Nonetheless, Thai authorities have taken an innovation-forward approach to supervised testing. The BOT is continuing its development of a retail central bank digital currency (CBDC) and is actively engaged in the cross-border mBridge initiative for wholesale CBDC settlement. In 2024, the SEC launched a digital asset regulatory sandbox for licensed operators to trial new services under regulatory supervision for a fixed period.

From a taxation perspective, income derived from digital assets is subject to taxation under the Revenue Code. This includes capital gains from trading, mining income, and any other income derived from the holding or transfer of cryptocurrencies or digital tokens. A 15% withholding tax applies to certain types of income, while value added tax (VAT) exemptions apply to transactions conducted through licensed exchanges and to issuances of investment tokens, pursuant to Emergency Decrees No. 744 and No. 799.

Finally, investment-related activities, such as fund management or advisory services involving digital assets, are separately regulated. Persons providing such services must obtain licences under the Digital Asset Decree, and their activities are subject to ongoing compliance obligations. Digital assets are also recognised as “property” under Thai law, although practical challenges persist in relation to their treatment in estate planning and probate, due in part to limitations on the admissibility of electronic evidence in testamentary proceedings.

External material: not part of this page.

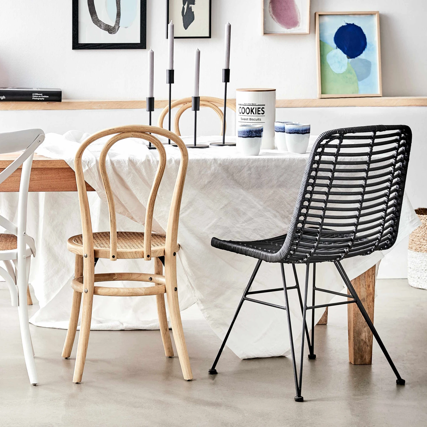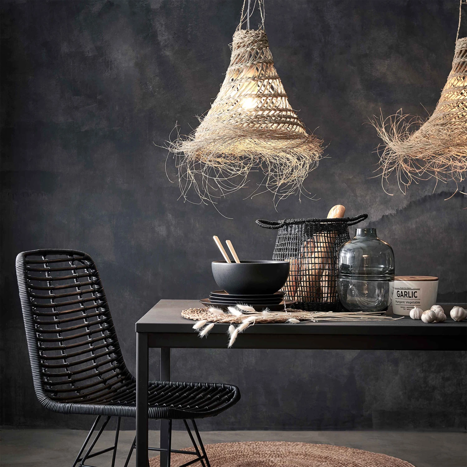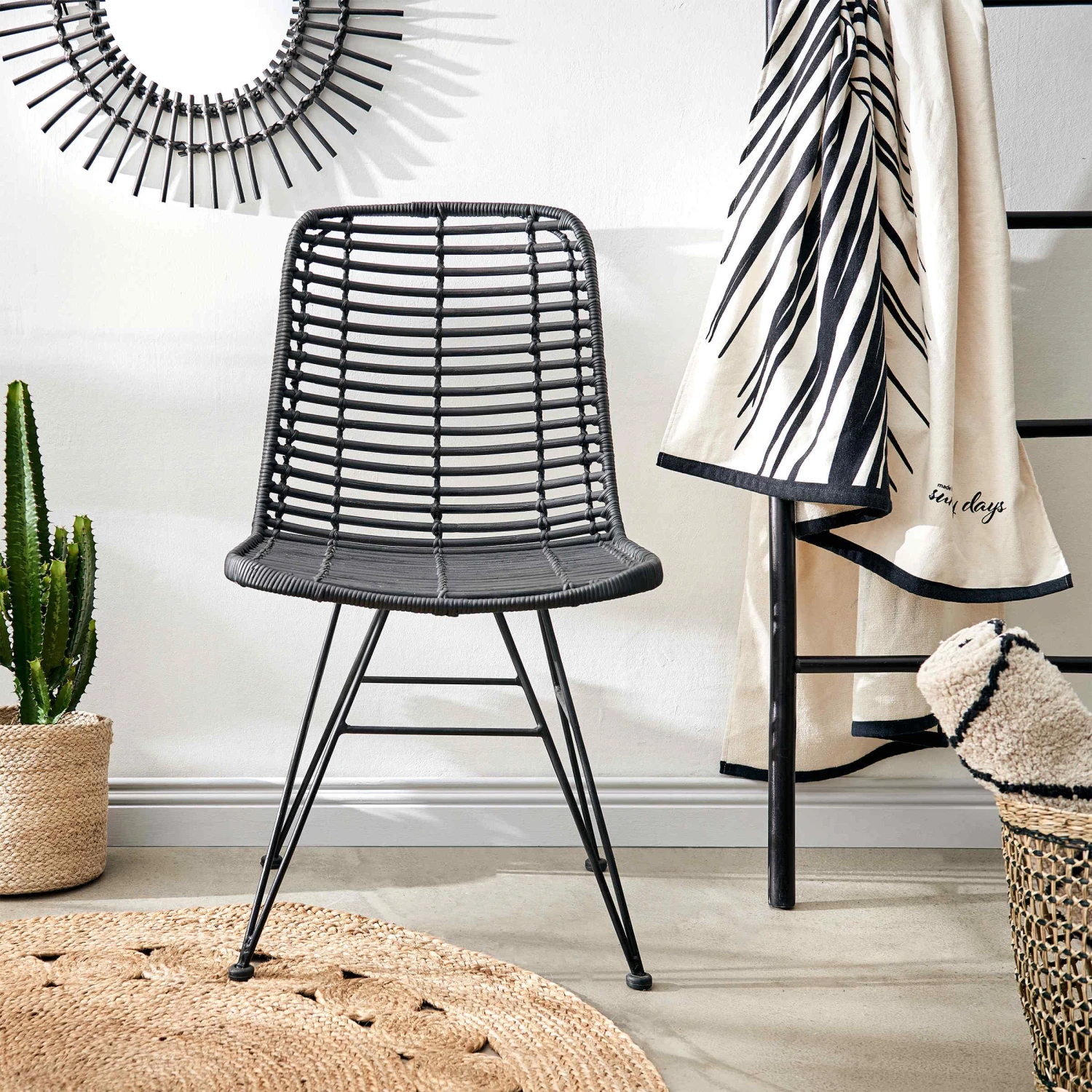 Mit unserem Rattan-Stuhl Hacienda setzen Sie in der Küche oder im Esszimmer auf moderne Lässigkeit und unkompliziertes Wohnen. Das Design mit Rattan und schwarzem Eisen-Gestell wirkt optisch angenehm leicht und erhält mit einem Kissen oder Lammfell im Handumdrehen eine noch individuellere Note. Da Rattan ein Naturmaterial ist, kann es hierbei zu Unregelmäßigkeiten in der Farbgebung kommen, die den natürlichen Charakter des Sitzmöbels unterstreichen. Auch als Stuhl mit Armlehnen erhältlich.

Stablecoins are not defined as a separate category under the Digital Asset Decree. However, the regulatory treatment of stablecoins depends on their structure. Fiat-backed stablecoins may be classified as digital assets or as a form of e-money, depending on their function and backing mechanism. The BOT has indicated that it is in the process of developing a regulatory framework for fiat-backed stablecoins, although comprehensive regulation has yet to be promulgated as of writing in August 2025. At present, the BOT continues to monitor stablecoin developments in parallel with its retail CBDC pilot and the mBridge (wholesale CBDC) cross-border settlement project.

Non-fungible tokens (NFTs) are not explicitly defined in current legislation. However, depending on their form of use, NFTs may fall within the existing definition of digital tokens, particularly if they represent a claim to goods, services, or rights, or are used for investment purposes. The SEC has not issued formal guidance on NFTs, although it is generally understood that NFTs used solely for collectible or artistic purposes and not marketed for investment may fall outside the scope of the Digital Asset Decree.

Recent regulatory updates reflect the Thai government’s increasing support for digital token-based fundraising, with safeguards for investor protection. In particular, SEC Press Release No. 16/2024, effective from 16 January 2024, lifted investment limits on real estate and infrastructure-backed initial coin offerings (ICOs) for retail investors and introduced updated standards for custodial wallet providers, among other reforms. These changes underscore the regulatory distinction between cryptocurrencies, which are treated cautiously, and digital tokens, which are actively promoted as investment instruments under a tightly regulated regime.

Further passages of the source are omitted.